There is a spatial articulation of experience… that has a profound effect on the cognitive processing of the environment.
And this we have not begun to explore adequately within the digital environment.
We have used the simplest solutions, flat screen spaces, very unthought through knowledge design, and replicated standard platforms and protocols.
I would say learn from Cambridge… look at this world and how it works, it could be terrific point of departure for thinking about how knowledge design and cultural materials could be articulated.”
We need to think around how we have framed digital and computational disciplines. There is a diversity of interdisciplinary challenges for which a variety of forms of interdisciplinarity could be applied.
Issues of access, participation, diversity and privilege should also be reflected if we take ‘Cambridge’ as inspiration.
Such issues were introduced by Drucker too during her lecture, in other ways, and need to be a key consideration when we are “thinking ahead”.

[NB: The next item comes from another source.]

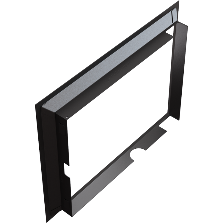 Nowoczesna stalowa ramka ozdobna do wkładu kominkowego powietrznego i z płaszczem wodnym MBM 10 z prostym frontem. Jej główną zaletą jest łatwy i szybki montaż. Instalację ramki można wykonać samemu, bez użycia dodatkowych narzędzi.

It is clear that the way forward isn’t solely humanist. We have something larger on our hands that also involves technological, digital and computational issues, but examined though intersecting cultural, social, epistemological, methodological, practical, visual, architectural and geographical frames.
I hesitate to say this represents an ‘interdisciplinary’ set of issues/challenges/opportunities. It does. But there is a need for deeper, more detailed and pluralistic articulations of these issues/challenge/opportunities than one word can achieve.